**Work to complete:**
From the records below, print only the part that opens with the line containing "Research shows that" and closes with the line containing "The Waffle Turtleneck"; omit the pictures.

**Extracted data:**
= Beginning of Section =
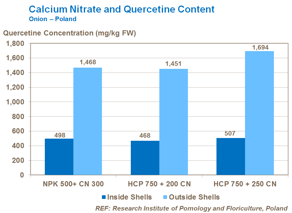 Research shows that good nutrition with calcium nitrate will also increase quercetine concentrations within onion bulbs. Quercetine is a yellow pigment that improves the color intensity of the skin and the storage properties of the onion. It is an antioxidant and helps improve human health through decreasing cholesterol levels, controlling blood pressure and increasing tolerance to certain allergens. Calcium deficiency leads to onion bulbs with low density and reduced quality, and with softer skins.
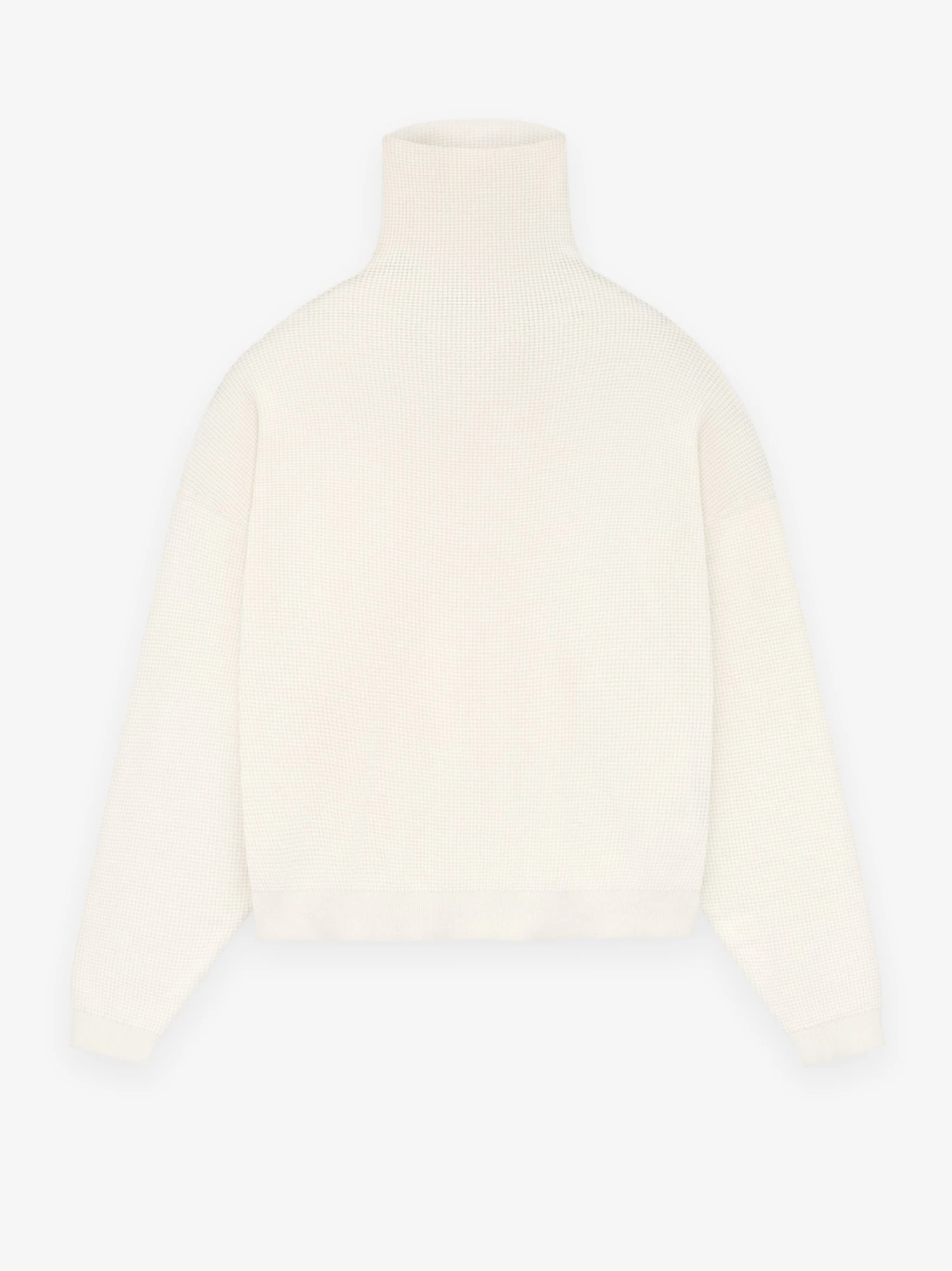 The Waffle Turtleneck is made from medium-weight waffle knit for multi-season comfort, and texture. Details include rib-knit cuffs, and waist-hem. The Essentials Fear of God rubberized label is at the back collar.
= End of Section =
= Beginning of Section =
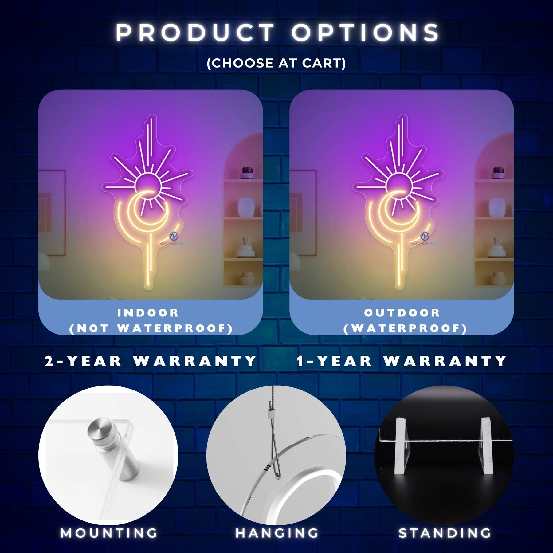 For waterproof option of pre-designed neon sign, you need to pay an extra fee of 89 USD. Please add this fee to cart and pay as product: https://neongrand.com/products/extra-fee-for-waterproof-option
= End of Section =
**Response area:**
 Research shows that good nutrition with calcium nitrate will also increase quercetine concentrations within onion bulbs. Quercetine is a yellow pigment that improves the color intensity of the skin and the storage properties of the onion. It is an antioxidant and helps improve human health through decreasing cholesterol levels, controlling blood pressure and increasing tolerance to certain allergens. Calcium deficiency leads to onion bulbs with low density and reduced quality, and with softer skins.
 The Waffle Turtleneck is made from medium-weight waffle knit for multi-season comfort, and texture. Details include rib-knit cuffs, and waist-hem. The Essentials Fear of God rubberized label is at the back collar.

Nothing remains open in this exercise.